Sixteen dogs in Study 1 and 12 dogs in Study 2, all seronegative and polymerase chain reaction (PCR) negative for B. canis, were randomized to a sham-treated control group or a lotilaner (20–43 mg/kg) treatment group, administered on Day 0 (Study 1: n = 8/group; Study 2: n = 6/group). Dogs were each infested with 50 Dermacentor reticulatus, a percentage of which (Study 1: 8.0–30.0%; Study 2: 12.2%) were infected with B. canis, in Study 1 on Days 2, 7, 14, 21 and 28, and in Study 2 on Day 28. Ticks were removed and counted on Day 30 in Study 1, and Day 34 in Study 2. Blood was collected for Babesia detection via smear, PCR and immunofluorescence assay (IFA) in Study 1 on Day 2, then approximately weekly through Day 56, and in Study 2 at weekly intervals between Days 28 to 49, and on Days 63 and 91. Additional samples were collected from dogs with body temperature > 39.4 °C (measured three times weekly, from Days 7 to 56 in Study 1 and from Days 35 to 56 in Study 2) and positive for B. canis on blood smear. Dogs with confirmed infections were rescue-treated, removed from the study and, in Study 1, replaced.

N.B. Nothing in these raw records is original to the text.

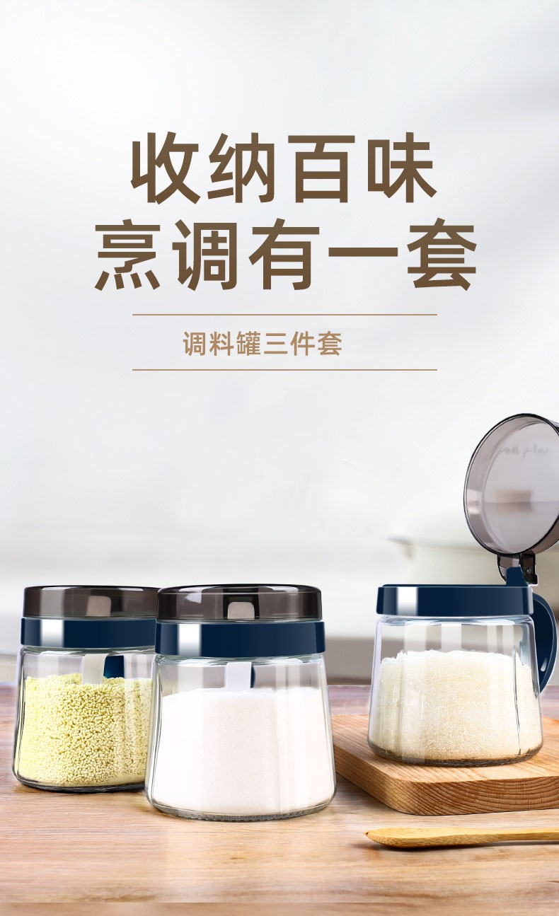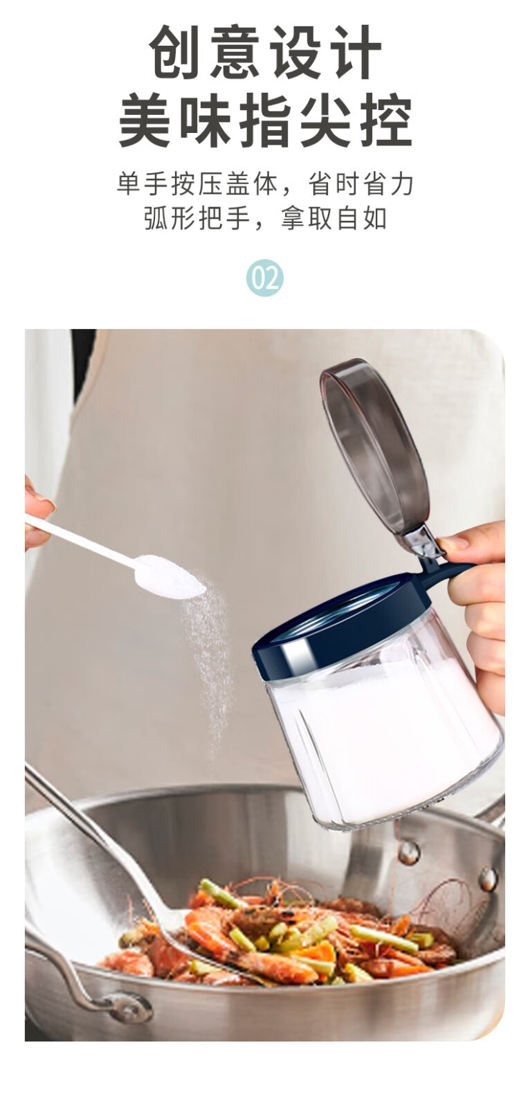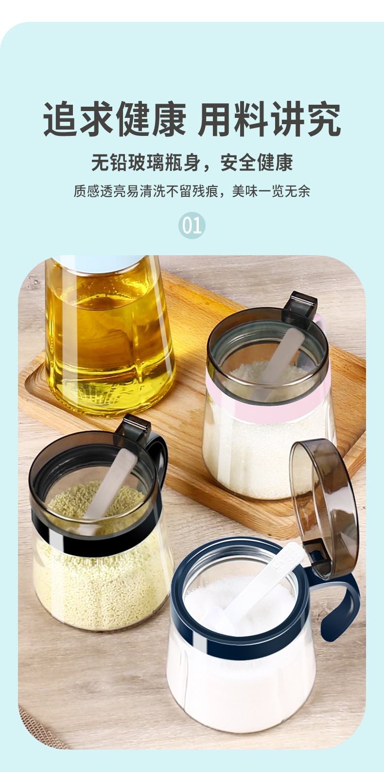 Xinmeiya household salt MSG seasoning box kitchen seasoning jar combination set seasoning bottle jar salt jar single seasoning bottle Youlan seasoning box 2 pieces with label + spoon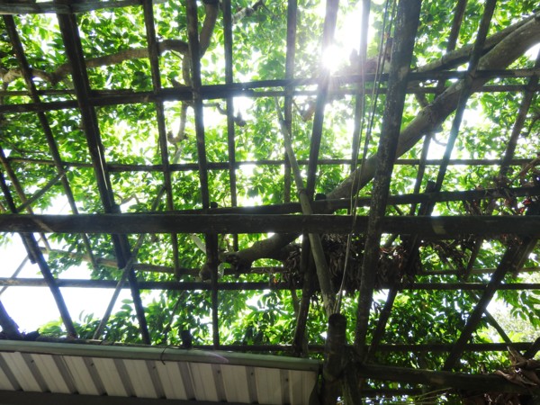 12:39 參觀以竹架環繞樹體,以便採收的百年玉蘭花樹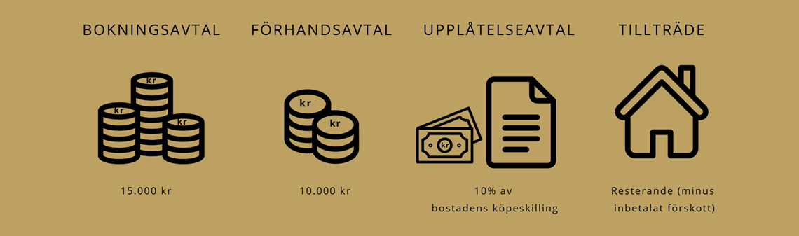 4️⃣ Upplåtelseavtal – Tecknas ca 3–6 månader innan inflyttning. Då betalar du 10% av bostadens pris, minus tidigare inbetalat förskott.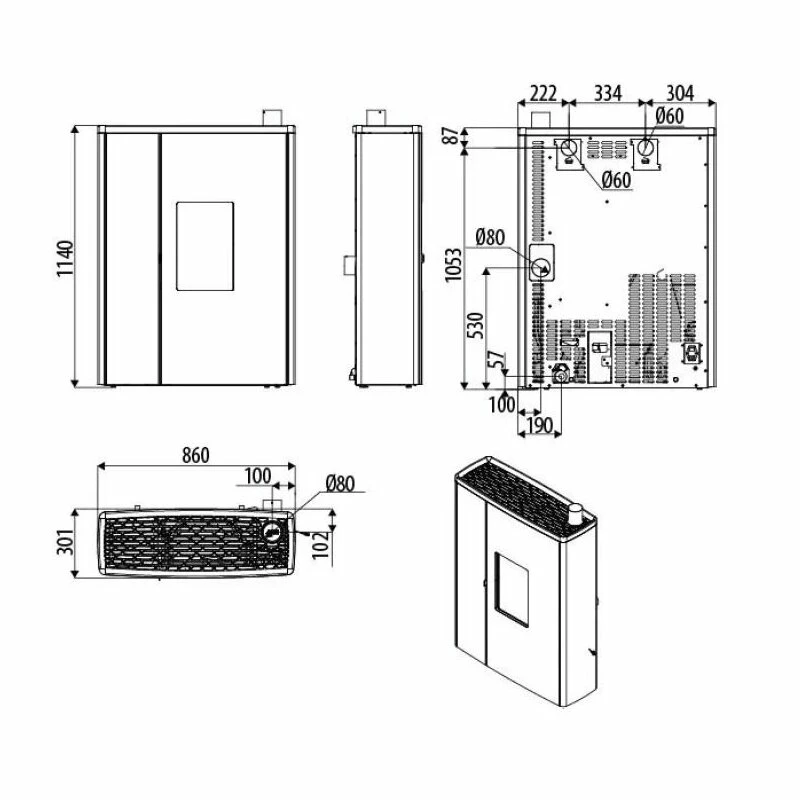 Bei diesem Modell werden die Pellets frontal auf der linken Seite eingefüllt, rechts befindet sich sodann die Tür. Der Ofen besitzt zudem eine Keramikzündkerze, welche eine reduzierte Einschaltzeit von 40 % gewährleistet. Weiterhin ist eine Abschaltfunktion der Ventilation und mehrere Luftverteilungslösungen zur Kanalisierung beider Luftauslässe vorhanden.

Across both studies B. canis infection of ticks ranged between 8.0–30.0%. In Study 1, all control dogs were positive for B. canis on blood smear and PCR on Day 10 and IFA on Day 21; on Day 21 seven of eight replacement control dogs were B. canis-positive; no replacement dogs were B. canis-positive following tick removal on Day 30. In Study 2, all control dogs were B. canis-positive on Day 56. All lotilaner-treated dogs remained B. canis-negative at all assessments in both studies.
Lotilaner efficacy was 100% in preventing establishment of B. canis infection, despite post-treatment challenge with infected ticks on Days 2, 7, 14, 21 and 28.
Canine babesiosis is an important vector-borne disease which occurs throughout the world, being transmitted by ixodid ticks including Rhipicephalus, Dermacentor and Haemaphysalis species [1, 2]. In Europe, the occurrence and spread of infection of dogs with Babesia canis is linked to the geographical distribution of the ornate dog tick, Dermacentor reticulatus . Favouring cool and wet climates, the distribution of D. reticulatus ranges from northern Portugal through the British Isles and Baltic countries into eastern Europe, including Balkan countries, and Russia [2,3,4,5]. Dogs in those widespread regions are therefore at risk of contracting the infection, which can cause intravascular and extravascular hemolysis, resulting in anemia and thrombocytopenia, and clinical signs such as fever, lethargy and anorexia . Demonstration that an acaricide with efficacy against D. reticulatus acts with sufficient speed to prevent transmission of B. canis is an important consideration for optimizing protection of dogs against these pathogenic effects.
The emergence of the isoxazoline family of compounds promises to transform the control of insect and acarine infestations in dogs, adding the oral administration route as an option for tick control. The most recent member of this family to receive regulatory approval is lotilaner, formulated in a flavoured chewable tablet (Credelio™, Elanco). Laboratory and field studies demonstrated that lotilaner, at the approved dose rate of 20–43 mg/kg, has potent activity against fleas and ticks and is effective in the treatment of demodectic mange [6,7,8,9,10]. At the label dose rate, lotilaner has been shown to have a very wide safety margin, including when used in young puppies . Lotilaner’s effects on fleas have been evident from 2 h post-treatment, and against the tick Ixodes ricinus from 4 h after treatment [6, 7]. Observations of the rapid onset and sustained high efficacy of lotilaner against ticks led to the hypothesis that treatment of dogs would be effective in preventing the transmission of tick-borne pathogens. To test that hypothesis, an investigation was undertaken in which dogs were challenged with infestations of B. canis-infected D. reticulatus.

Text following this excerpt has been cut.